• What this task involves: What's needed is the listing below, repeated word for word with no pictures.

• Recorded data:
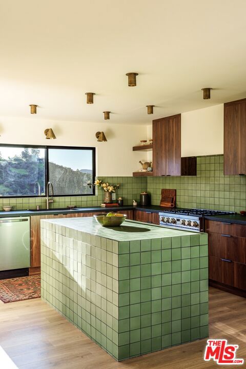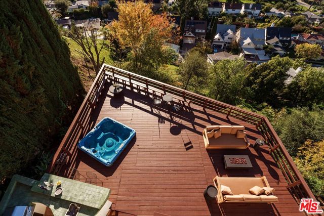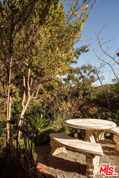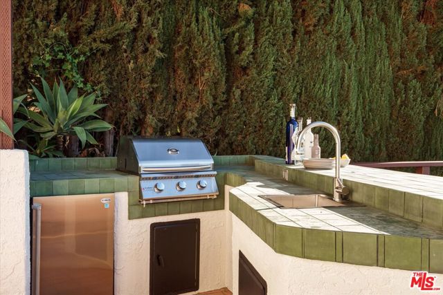 Secluded hilltop Spanish home by Decente Designs with panoramic views and great natural light. Complete with greenery, large decks, built-in BBQ, spa, exceptional privacy, the designer reimagined home features thoughtful and stylish touches throughout. New flooring, bespoke light fixtures and hardware, new Milgard windows and sliding glass doors, and an assortment of beautiful tiles adorn this one of a kind home. The kitchen has leathered granite countertops, walnut cabinetry, bronze hardware, leaf tile backsplash, brass light fixtures, all new appliances, accented by open shelving, breakfast nook and adjacent lounge area surrounded by mountain to hills views. On the other side of the home a classic Spanish step down living room lit by wall sconces and a tiled double sided wood burning fireplace. The second fireplace is in the formal dining room with a large sliding glass window with green and hillside views. Upstairs the large primary bedroom suite features its own balcony with mountain and tree views, walk-in closet, and an en suite bathroom clad in limestone, cement, and walnut. Three additional guest bedrooms upstairs and guest bathroom with double vanity, soaking tub, and unlacquered brass hardware are complemented by a built-in reading nook at the top of the staircase framed by a large window and skylight. Dining and lounging deck off of the kitchen, and an additional den space off the larger entertaining deck below with a built-in BBQ and hot tub all in complete privacy with 180 degree deep views of the surrounding green hillsides. Gardens areas below, and additional green spaces and gardens flank both sides of the house. Direct entry two car garage and just a short drive to markets, restaurants, coffee shops, hikes, and more at the bottom of the hill. A stunning Hollywood Hills home south of the boulevard in Woodland Hills.
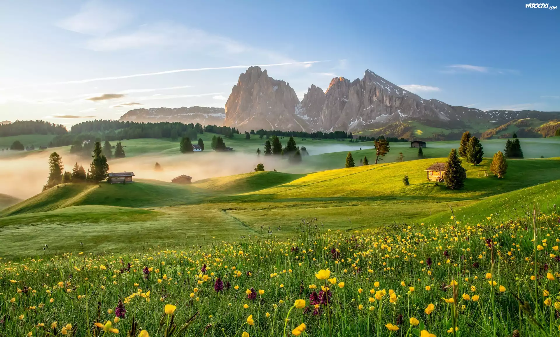 Płaskowyż Seiser Alm, Dolina Val Gardena, Góry Sassolungo, Włochy, Dolomity, Mgła, Domy, Łąka, Kwiaty, Drzewa |
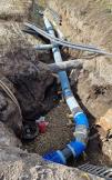 Die Baumaßnahmen zur Inbetriebnahme des neuen Rohwasserbehälters finden zum Wochenbeginn (27./28.03.2023) einen Abschluss. Die Tiefbauarbeiten an den Bestandsleitungen aus den 1960er-Jahren bargen einige Überraschungen und haben zu einer Verzögerung von ca. 1 Woche in der Bauzeit geführt.
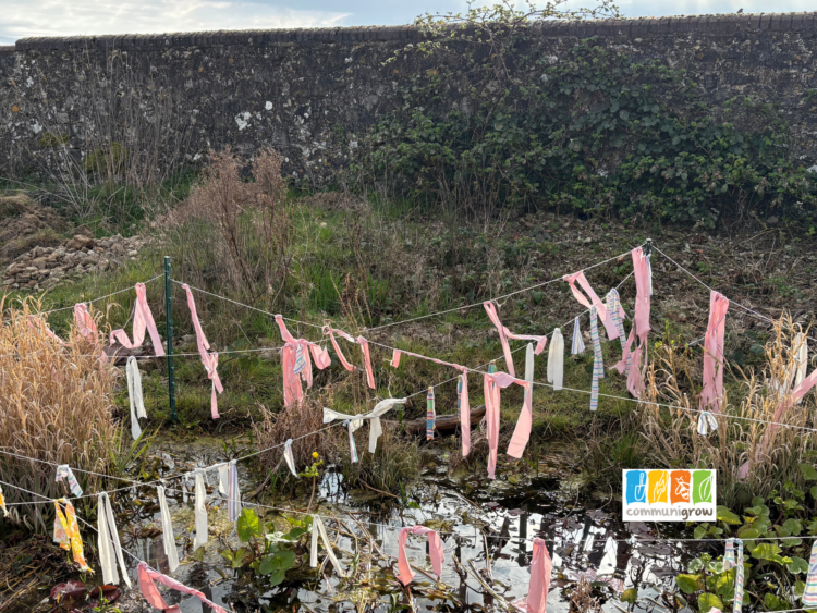 Our tour ended around the ‘Pond Project’, a fabulous space used for pond dipping, which the school groups particularly enjoy, and given the visits recently from the local geese and ducks, diving in and spoiling some potential frog guests, the children have created some lovely bunting to warn them off.
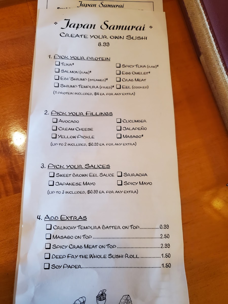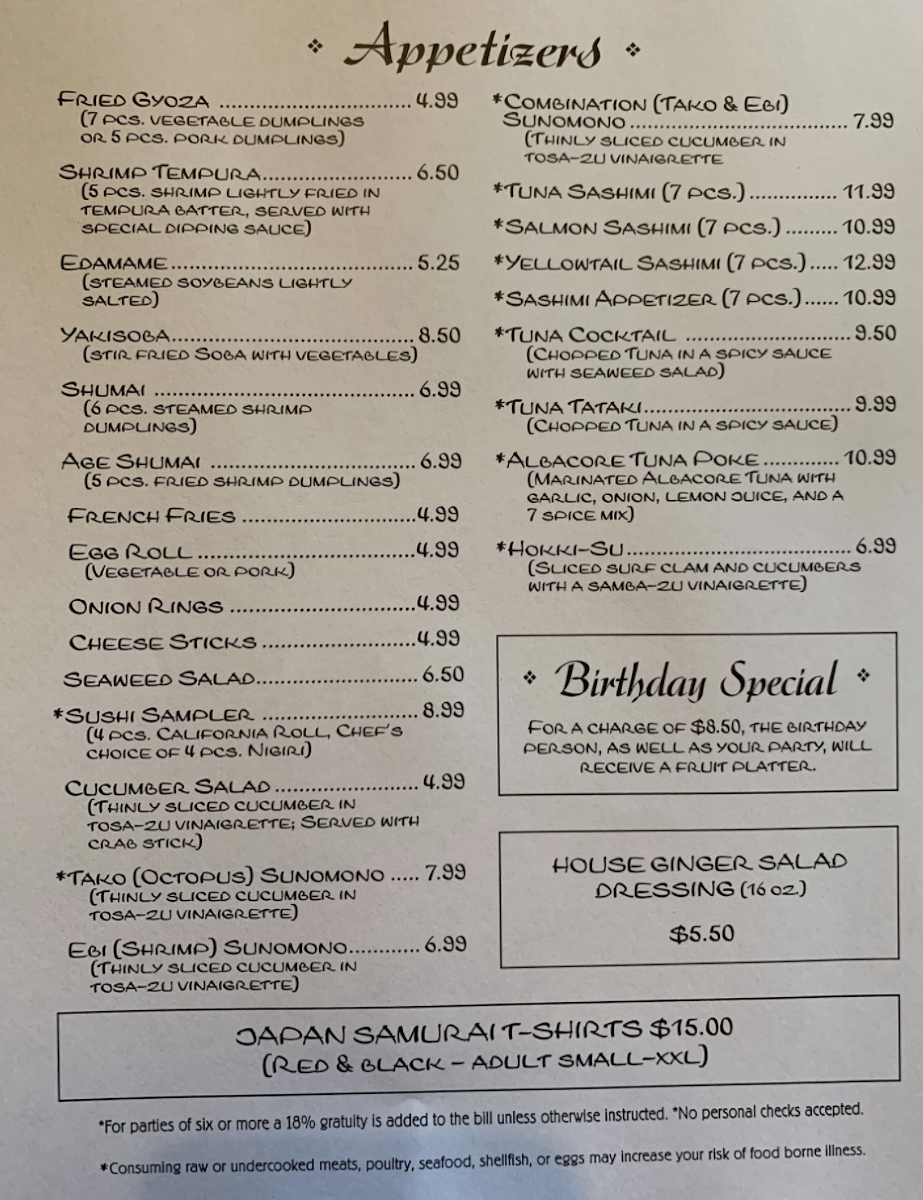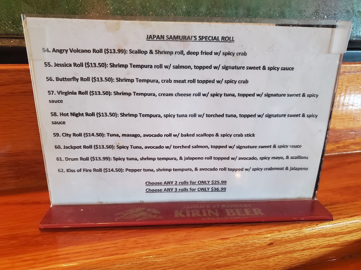 The Japan Samurai menu reflects the everyday pleasure of sharing flavorful, well-prepared food in a setting that feels both inviting and unhurried.
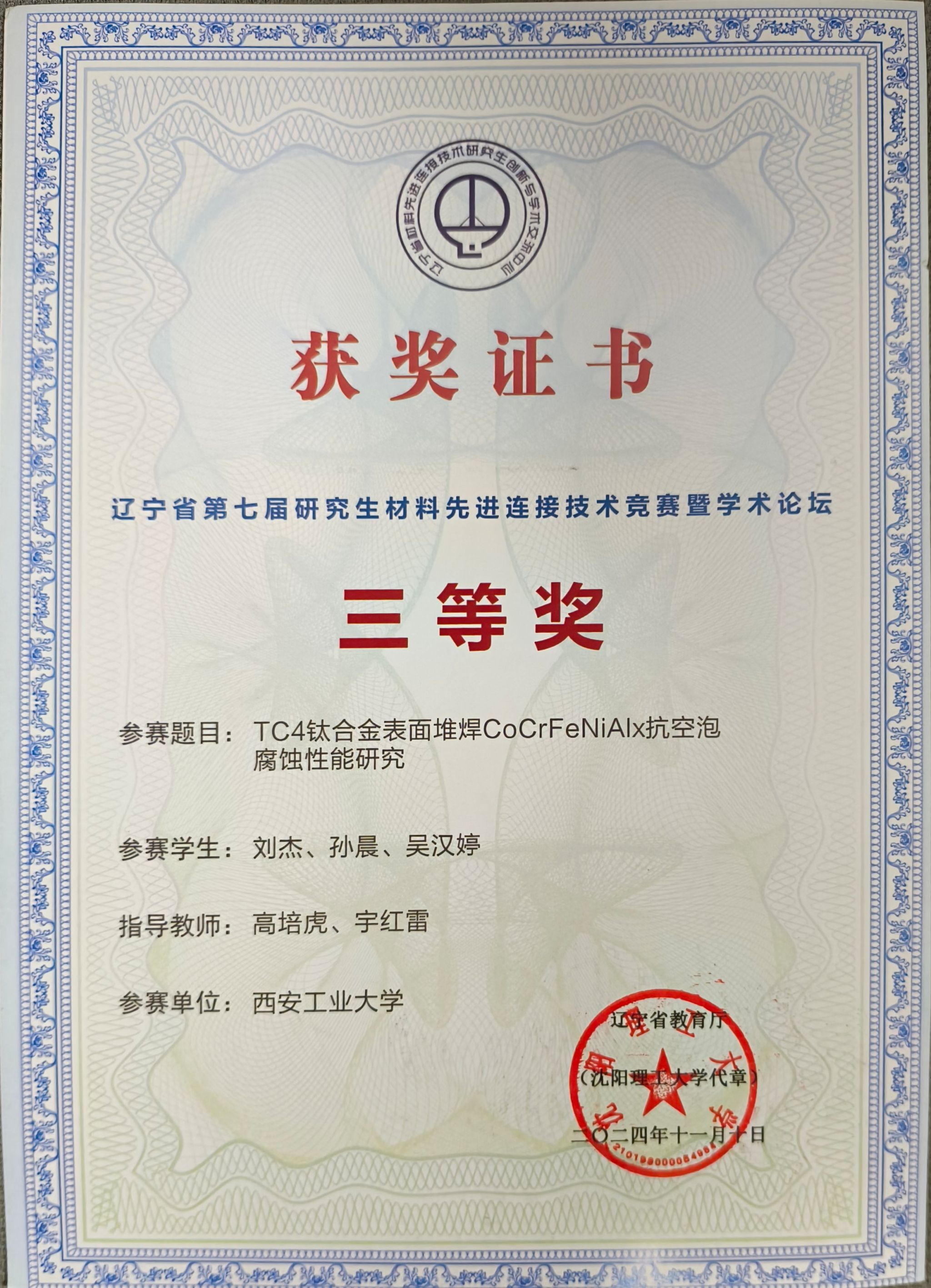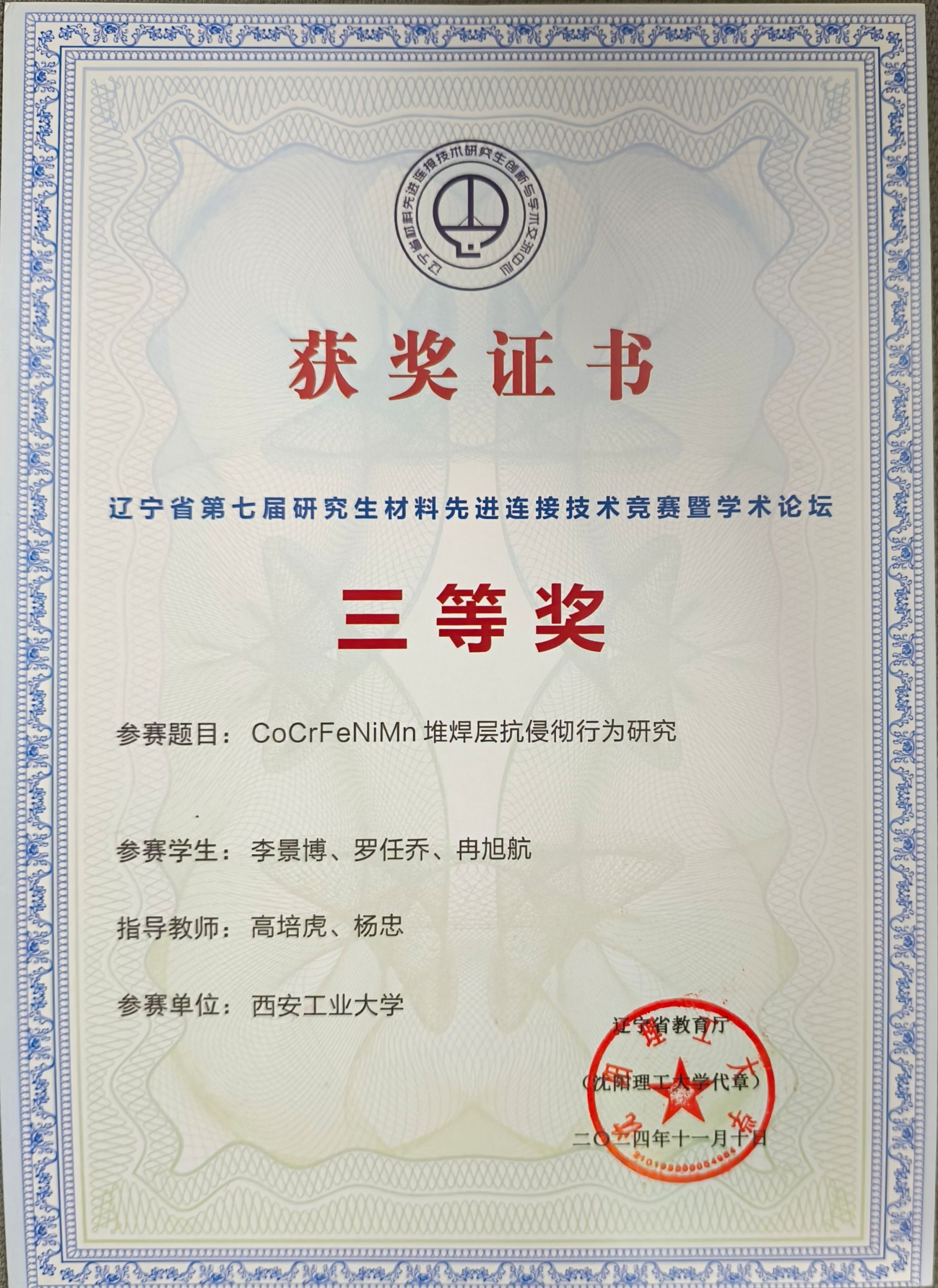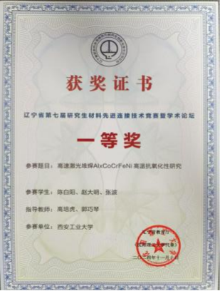 在研究生院的指导和大力支持下,永利23411集团高度重视、积极组织参赛。经过评审、研究生答辩、专家现场评分等环节,获得一等奖1项、三等奖2项,永利yl23411集团获优秀组织奖。其中由高培虎、郭巧琴指导,研究生陈白阳、赵大明、张波共同完成的作品《高速激光堆焊AlxCoCrFeNi高温抗氧化性研究》荣获一等奖,高培虎、杨忠指导,研究生李景博、罗任乔、冉旭航共同完成的作品《CoCrFeNiMn堆焊层抗侵彻行为研究》荣获三等奖,高培虎、宇红雷指导,研究生刘杰、孙晨、吴汉婷共同完成的作品《TC4钛合金表面堆焊CoCrFeNiAlx抗空泡腐蚀性能研究》荣获三等奖。

• Your response:
 Secluded hilltop Spanish home by Decente Designs with panoramic views and great natural light. Complete with greenery, large decks, built-in BBQ, spa, exceptional privacy, the designer reimagined home features thoughtful and stylish touches throughout. New flooring, bespoke light fixtures and hardware, new Milgard windows and sliding glass doors, and an assortment of beautiful tiles adorn this one of a kind home. The kitchen has leathered granite countertops, walnut cabinetry, bronze hardware, leaf tile backsplash, brass light fixtures, all new appliances, accented by open shelving, breakfast nook and adjacent lounge area surrounded by mountain to hills views. On the other side of the home a classic Spanish step down living room lit by wall sconces and a tiled double sided wood burning fireplace. The second fireplace is in the formal dining room with a large sliding glass window with green and hillside views. Upstairs the large primary bedroom suite features its own balcony with mountain and tree views, walk-in closet, and an en suite bathroom clad in limestone, cement, and walnut. Three additional guest bedrooms upstairs and guest bathroom with double vanity, soaking tub, and unlacquered brass hardware are complemented by a built-in reading nook at the top of the staircase framed by a large window and skylight. Dining and lounging deck off of the kitchen, and an additional den space off the larger entertaining deck below with a built-in BBQ and hot tub all in complete privacy with 180 degree deep views of the surrounding green hillsides. Gardens areas below, and additional green spaces and gardens flank both sides of the house. Direct entry two car garage and just a short drive to markets, restaurants, coffee shops, hikes, and more at the bottom of the hill. A stunning Hollywood Hills home south of the boulevard in Woodland Hills.
 Płaskowyż Seiser Alm, Dolina Val Gardena, Góry Sassolungo, Włochy, Dolomity, Mgła, Domy, Łąka, Kwiaty, Drzewa |
 Die Baumaßnahmen zur Inbetriebnahme des neuen Rohwasserbehälters finden zum Wochenbeginn (27./28.03.2023) einen Abschluss. Die Tiefbauarbeiten an den Bestandsleitungen aus den 1960er-Jahren bargen einige Überraschungen und haben zu einer Verzögerung von ca. 1 Woche in der Bauzeit geführt.
 Our tour ended around the ‘Pond Project’, a fabulous space used for pond dipping, which the school groups particularly enjoy, and given the visits recently from the local geese and ducks, diving in and spoiling some potential frog guests, the children have created some lovely bunting to warn them off.
 The Japan Samurai menu reflects the everyday pleasure of sharing flavorful, well-prepared food in a setting that feels both inviting and unhurried.
 在研究生院的指导和大力支持下,永利23411集团高度重视、积极组织参赛。经过评审、研究生答辩、专家现场评分等环节,获得一等奖1项、三等奖2项,永利yl23411集团获优秀组织奖。其中由高培虎、郭巧琴指导,研究生陈白阳、赵大明、张波共同完成的作品《高速激光堆焊AlxCoCrFeNi高温抗氧化性研究》荣获一等奖,高培虎、杨忠指导,研究生李景博、罗任乔、冉旭航共同完成的作品《CoCrFeNiMn堆焊层抗侵彻行为研究》荣获三等奖,高培虎、宇红雷指导,研究生刘杰、孙晨、吴汉婷共同完成的作品《TC4钛合金表面堆焊CoCrFeNiAlx抗空泡腐蚀性能研究》荣获三等奖。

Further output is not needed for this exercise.